Tuesday, October 20, 2020

Cargo-style dependency management for C, C++ and other languages with Meson

My previous blog post about modern C++ got a surprising amount of feedback. Some people even reimplemented the program in other languages, including one in Go, two different ones in Rust and even this slightly brain bending C++ reimplementation as a declarative style pipeline. It also got talked about on Reddit and Hacker news. Two major comments that kept popping up were the following.

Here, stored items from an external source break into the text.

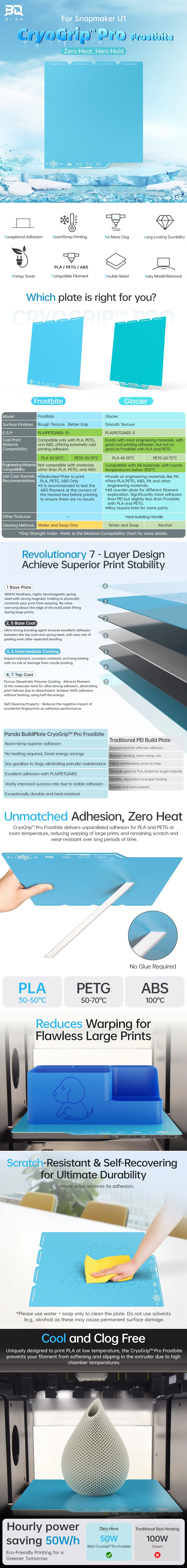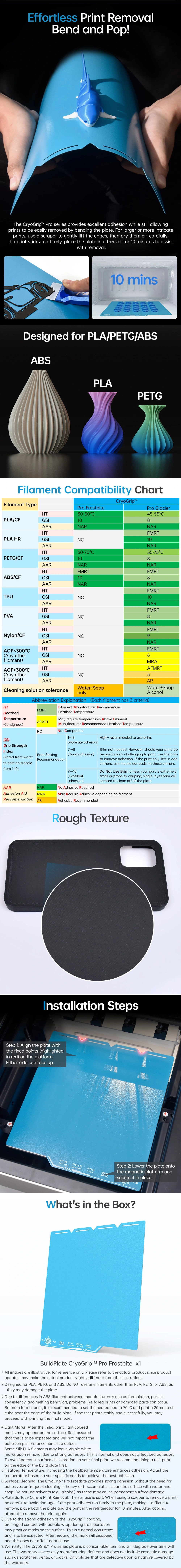BIQU CryoGrip Pro Frostbite Dobbeltsidig byggeplate med grovere CryoGrip-overflate for maksimal vedheft – selv ved svært lav platetemperatur. Utviklet for krevende første lag og større modeller som må sitte helt dønn stabilt.
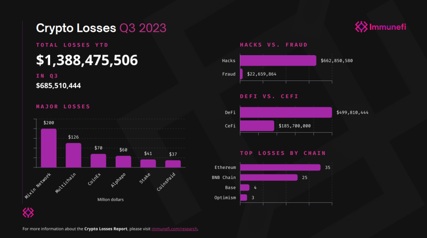 加密货币投资者在短短三个月内因黑客攻击和诈骗损失6.86亿美元:Immunefi报告
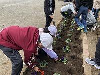 ▼先日3年生が植えてくれたパンジーの間に、5年生がチューリップの球根を植えてくれました。
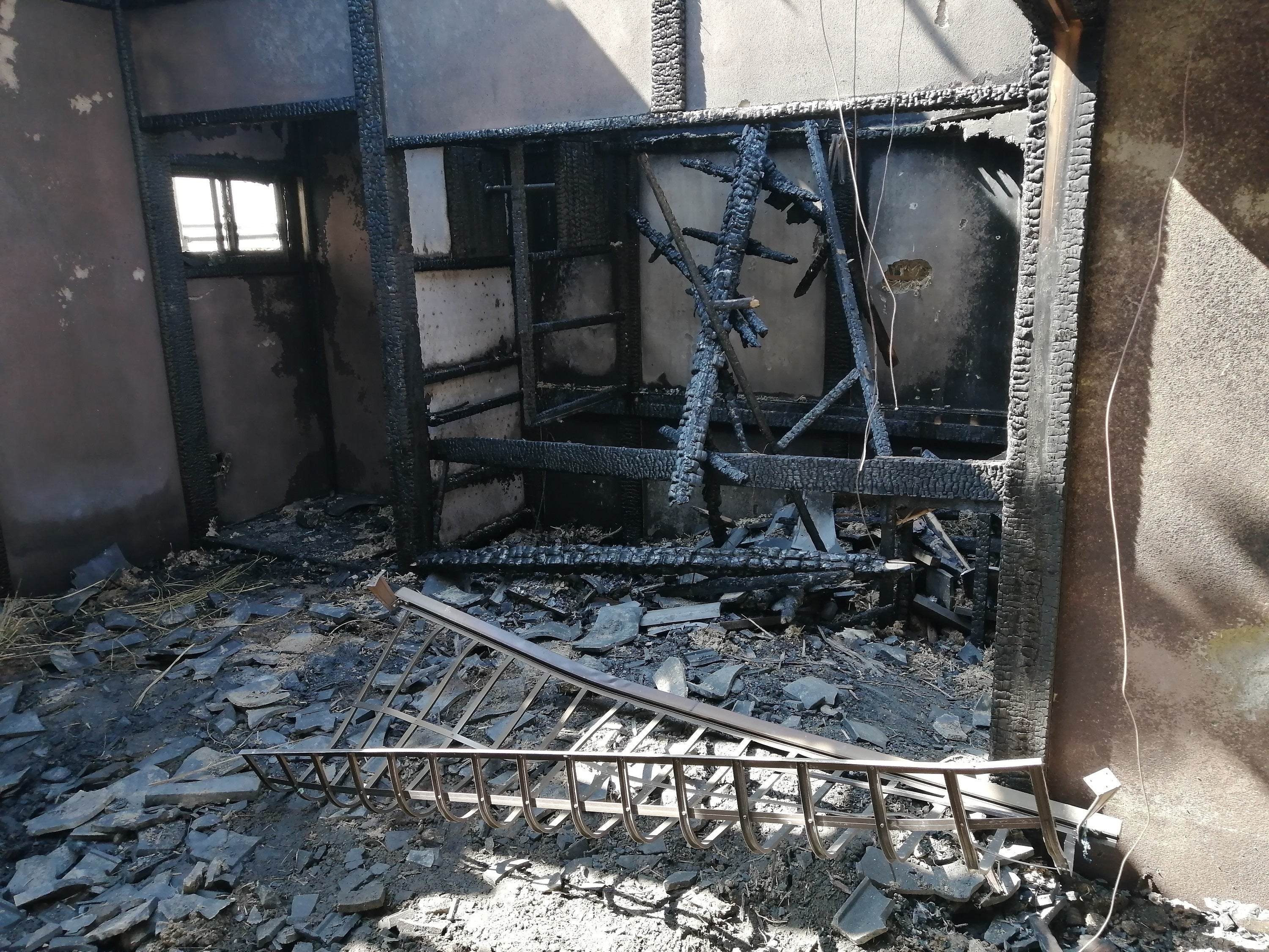 3時間半燃え続け、ガラスもサッシも溶けて曲がっています。部屋の中は瓦と土と焦げたにおいでいっぱいでした。

  1. There are potential bugs if the program is ever extended to support non-ASCII text
  2. It is hard to use external dependencies in C++ (and by extension C)
Let's solve both of these problems at the same time. There are many "lite" solutions for doing Unicode aware text processing, but we're going to use the 10 000 kilogram hammer: International Components for Unicode. The actual code changes are not that big, interested parties can go look up the details in this Github repo. The thing that is relevant for this blog post is the build and dependency management. The Meson build definition is quite short:

project('cppunicode', 'cpp',
        default_options: ['cpp_std=c++17',
                          'default_library=static'])
             
icu_dep = dependency('icu-i18n')
thread_dep = dependency('threads')
executable('cppunicode', 'cppunicode.cpp',
           dependencies: [icu_dep, thread_dep])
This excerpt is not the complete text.